Research

Omics data present unique challenges, including sparsity, over-dispersion, high dimensionality, and complex inter-feature dependencies. Our lab develops statistical, computational, and AI methods that robustly and effectively handle these complex data structures across the full analytical pipeline and a variety of study designs.

Data Integration: Modern omics studies are typically large in scale and span multiple studies. To achieve reliable population-level inference, sophisticated data integration methods are required to eliminate unwanted variation while preserving true biological signals. We develop methods that address both measured artifacts (e.g., batch effects) and hidden heterogeneity (e.g., latent subtypes), thereby minimizing spurious findings and enhancing sensitivity for true signal discovery in downstream analyses.

PCoA plots of six batches (Batch 0–5) before and after data integration. Batch effects are effectively removed, enabling reliable analyses on the processed data with minimal regard for unwanted artifacts.

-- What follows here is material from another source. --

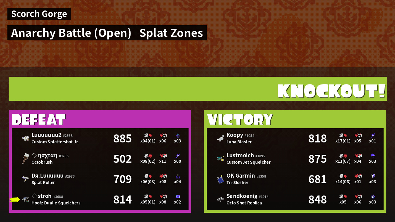| Mode | Splat Zones - Anarchy Battle (Open) | ||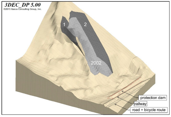 As described above, future rockslides can cause only loss of material values and consequences can be expressed in money per time. According to Amatruda et al. [5], consequences of landslides (“damages” respectively) can be divided into direct and indirect damages. In the case of Spitz, direct damages consist of the costs of rockslide debris removal and reconstruction of the traffic routes. There will be no social and environmental damages and, thus, indirect consequences will consist only of economic damages, such as reduction of tourism and detours of local inhabitants and of enterprises. For this reason, the travel distances (“runouts”) of two detachment scenarios have been calculated using the three-dimensional, numerical Distinct Element Code 3DEC [9]. This method has been chosen because empirical or GIS-based methods [7] would have been unable to take into account the complex spatial conditions in Spitz.

Data Visualization: Omics data visualization is critical for both data exploration and communication of scientific findings, yet it remains challenging due to the high dimensionality and irregular distributions inherent to omics data, as well as the added complexity of advanced study designs. We develop visualization methods that are robust to these data and study characteristics while remaining flexible enough to highlight effects of interest, e.g., plotting microbiome trajectories over time while appropriately adjusting for potential confounding factors.

Adjusted PCoA plot from a synthetic longitudinal microbiome study in which sex obscures the treatment effect. The impact of the unwanted confounder (sex) is minimized, while the treatment effect over time (t0 to t3) is highlighted.

Signature Discovery: A central goal of omics analysis is to identify individual features, pathways, or community-level characteristics, such as microbiome alpha and beta diversity, that are associated with exposures or outcomes of interest. We develop methods that are robust to challenging omics data characteristics, maximizing the sensitivity of signature discovery while rigorously controlling false positive discoveries. Beyond detecting simple location shifts, our methods are able to uncover heterogeneous association patterns, such as subgroup-specific effects linked to exposures or outcomes.

Examples of gut bacterial genera with heterogeneous associations with hypertension identified exclusively by our method. Empirical quantiles are plotted against quantile levels, stratified by hypertension status, with dashed horizontal lines indicating group means, which are similar or identical. Hypertension is associated with lower Eubacterium at high abundance, and with lower Haemophilus at low abundance but higher Haemophilus at high abundance. These diverse associations are likely driven by diverse species- or strain-level effects.

Omics-Based Diagnosis and Prediction: Disease diagnosis and prediction based on omics profiles are important objectives in clinical applications. Effectively extracting information from high-dimensional, interdependent, and irregularly distributed omics data to predict outcomes of interest remains a long-standing challenge. We develop novel deep learning architectures that explicitly leverage the structural characteristics of omics data to learn optimal embeddings for accurate prediction. More recently, we have begun tailoring LLMs to further enhance predictive performance by leveraging the embedded knowledge within the pretrained foundation models.

Illustration of the final step in our knowledge-guided LLM tool for microbiome-based IBD diagnosis.

Spatially Resolved Omics Analysis: Recent technological advances have introduced spatial resolution to omics profiling, enabling a more nuanced understanding of disease pathology. We work closely with established researchers in the fields of spatial transcriptomics and spatial proteomics, and we are at the forefront of developing the first generation of computational tools for spatial microbiome data to understand spatial dysbiosis, microbe-microbe interactions, and microbe-host interactions.